Additionally, elevated prices are also putting pressure on industries and businesses.

As a result, policymakers are increasingly focusing on policy frameworks, market designs and regulation to improve affordability and encourage electrification.

However, these policies, market designs and regulations must deliver not only additional investment, but also greater flexibility and efficiency across all parts of the power system, including demand, supply and the use of infrastructure, the report says.

Ensuring prices remain affordable while still reflecting costs and incentivising demand‑side flexibility is emerging as a central challenge. More flexible and efficient use of existing infrastructure can help contain future system costs and deliver greater savings for consumers, it adds.

“Greater efforts are needed to improve the security and resilience of power systems around the world, which face rising risks associated with ageing infrastructure, extreme weather events, cyberthreats and other emerging vulnerabilities.

“Modernising how systems operate, as well as strengthening the physical protection of critical infrastructure, will be essential to countering these threats,” the report emphasises.

DEMAND GROWTH
Consumption from advanced economies is also rising after 15 years of stagnation and contributing to one-fifth of the total increase in power demand through 2030, although emerging and developing economies remain the main engines of electricity-demand growth.
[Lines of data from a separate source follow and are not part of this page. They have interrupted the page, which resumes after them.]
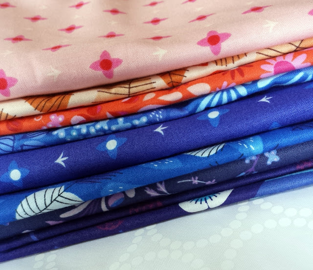 These half yards from The Lovely Hunt was a purely indulgent purchase from Hawthorne Threads. After seeing Lizzy House's new line at our CJMQG Meadow workshop a few weeks ago, I knew I had to buy those purples and blues. The orangey pinks are not really "me" but boy are they pretty. They are also lighter colors I happen to lack very clearly in my stash. I don't know what I'm making with these but I love looking at them! I might use the Meadow block prints (top and fifth from top) for binding, though.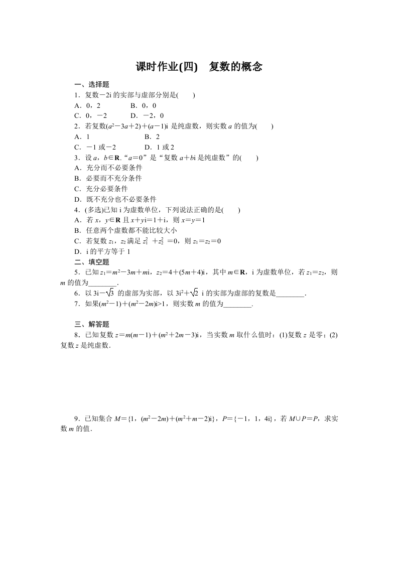 学生啦:课时作业(四)复数的概念一、选择题1.复数一2i的实部与虚部分别是()A.0,2B.0,0C.0,-2D.-2,02.若复数(a2-3a+2)十(a一1)i是纯虚数,则实数a的值为()A.1B.2C.-1或-2D.1或23.设a,b∈R.“a=0”是“复数a十bi是纯虚数”的()A.充分而不必要条件B.必要而不充分条件C.充分必要条件D.既不充分也不必要条件4.(多选)己知i为虚数单位,下列说法正确的是()A.若x,y∈R且x十yi=1+i,则x=y=1B.任意两个虚数都不能比较大小D.i的平方等于1二、填空题5.己知z1=m2-3m十mi,z2=4+(5m十4)i,其中m∈R,i为虚数单位,若z1=z2,则m的值为6.以3i一3的虚部为实部,以32+迈i的实部为虚部的复数是7.如果(m2-1)十(m2-2m)i>1,则实数m的值为三、解答题8.己知复数z=m(m一1)+(m2+2m一3)i,当实数m取什么值时:(1)复数z是零:(2)复数z是纯虚数.9.己知集合M={1,(m2-2m)+(0m2+m-2)i},P={-1,1,4i,若MUP=P,求实数m的值.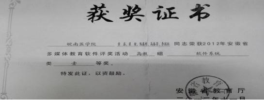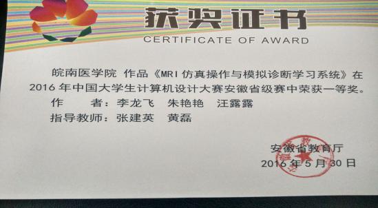 在繁琐的日常教学和教学管理工作,黄磊不忘总结经验,积极参与专业教学改革。先后主持2012年度省教育厅一般教学研究项目(编号:2012jyxm323)和第1参与者参与2013年度安徽省高等教育振兴计项目(编号:2013zytz040):生物医学工程专业改造与新专业建设,并发表多篇教学论文。十几年来黄磊从未间断自身学习,多次利用寒暑假参加实践学习和教学,先后两次申报国内访问学者,不断提高专业水平。2012年在“安徽省多媒体教育软件”评奖活动中获得高教组软件系统一等奖,指导员工自主研发的“CT仿真操作与诊断虚拟实验系统”获得2014“合财”杯中国计算机设计大赛计算机设计大类虚拟实验平台小类全国二等奖,“MRI仿真操作与模拟诊断辅助学习系统”获2016“合财”杯中国计算机设计大赛计算机设计大类虚拟实验平台小类安徽赛区一等奖等。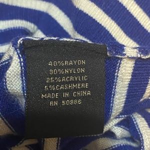 Jeanne Pierre cashmere blend nautical stripes boatneck sweater. Sz. L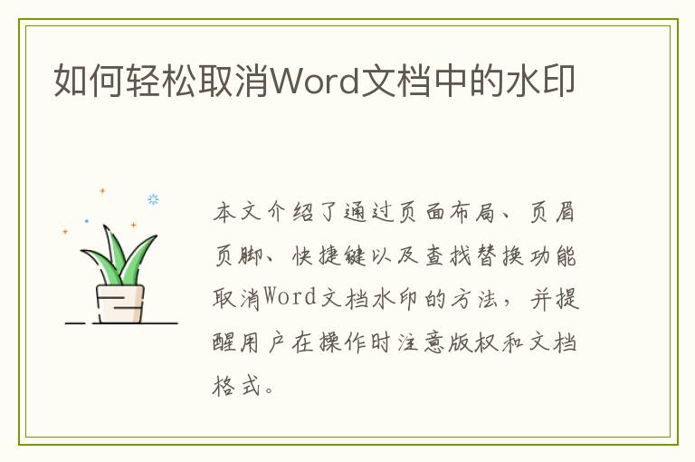 在取消Word文档水印时,请确保您拥有文档的合法操作权限,避免侵犯他人版权。同时,在修改文档时,请注意文档的格式和排版,以免在去除水印过程中破坏文档内容。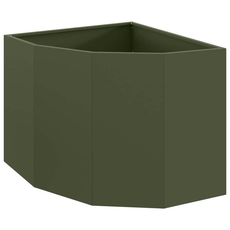 Ъглов сандък за цветя Маслиненозелен 60 x 60 x 50 см Стомана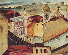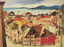 Firstly, the urban landscape of the city in which he was born and lived. Lisbon soon stands out as the "predominant iconography, even the body of the deepening of the painter’s recourses and of their successive poetics". It is not, however, the almost single path we find in his later work: "landscape is enunciated […] as a possibility in this recently-started career, but it is not yet the imperative matrix of the future". Botelho will also paint other cities: Paris, Florence, Amsterdam, New Orleans and, above all, New York: "In terms of Portuguese art at the end of the […] nineteen thirties, these paintings are located at the vanguard of everything that was being done at the time".[10]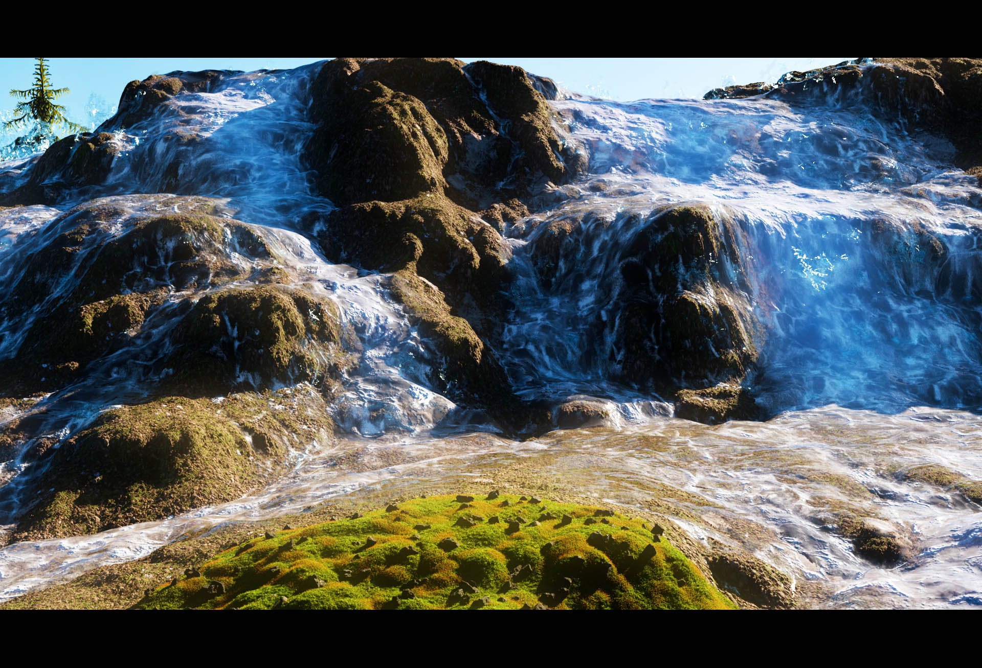 ) Die ist zwar teilweise an den steileren Stellen etwas in der Höhe angepasst, damit der Eindruck fallenden Wassers entsteht, aber läuft an anderen Stellen auch quer zur Fallrichtung, was irgendwie nicht richtig aussieht. Es hat ein bisschen was von einer HDR-Aufnahme, wo verschiedene Bilder mit verschiedenen Belichtungszeiten übereinandergelegt werden. (Man sieht relative scharfe Wasserspritzer und lang gezogene Schlieren) An den Stellen, wo zwischen dem Moos nur ein wenig Wasser durchsickert, würde normalerweise nicht so viel Schaum entstehen (auch wenn sich das optisch gut macht in dem Grün

Global electricity generation from renewables, which was boosted by record deployment of solar PV, is now in the process of overtaking generation from coal, after virtually drawing level with it in 2025.

Nuclear generation set a new record in 2025 and is set to continue rising steadily through 2030. Nuclear power output in 2025 was supported by reactor restarts in Japan, higher generation in France, and new capacity additions in China, India and other countries.

While most of the growth in nuclear generation through 2030 is expected to occur in emerging economies, with China alone accounting for around 40% of the global increase, nuclear energy is also regaining strategic importance in many advanced economies, underpinned by supportive policy frameworks to extend the lifetime of reactors and add new capacity.

“The momentum behind low-emissions sources of generation continues to 2030, by which time renewables and nuclear are together set to generate 50% of global electricity, up from 42% today,” the IEA says.

Natural gas-fired output is also set to grow through 2030, supported by rising electricity demand in the US and the continuing shift from oil to gas for power in the Middle East.

Over the 2026 to 2030 period, renewables, natural gas and nuclear together are expected to meet all additional global electricity demand in aggregate, the report notes.

Coal‑fired generation will continue to lose ground globally as renewables expand, with coal-fired generation expected to return to 2021 levels by the end of the decade.

As a result, global CO₂ emissions from electricity generation are expected to remain roughly flat between now and 2030, the report states.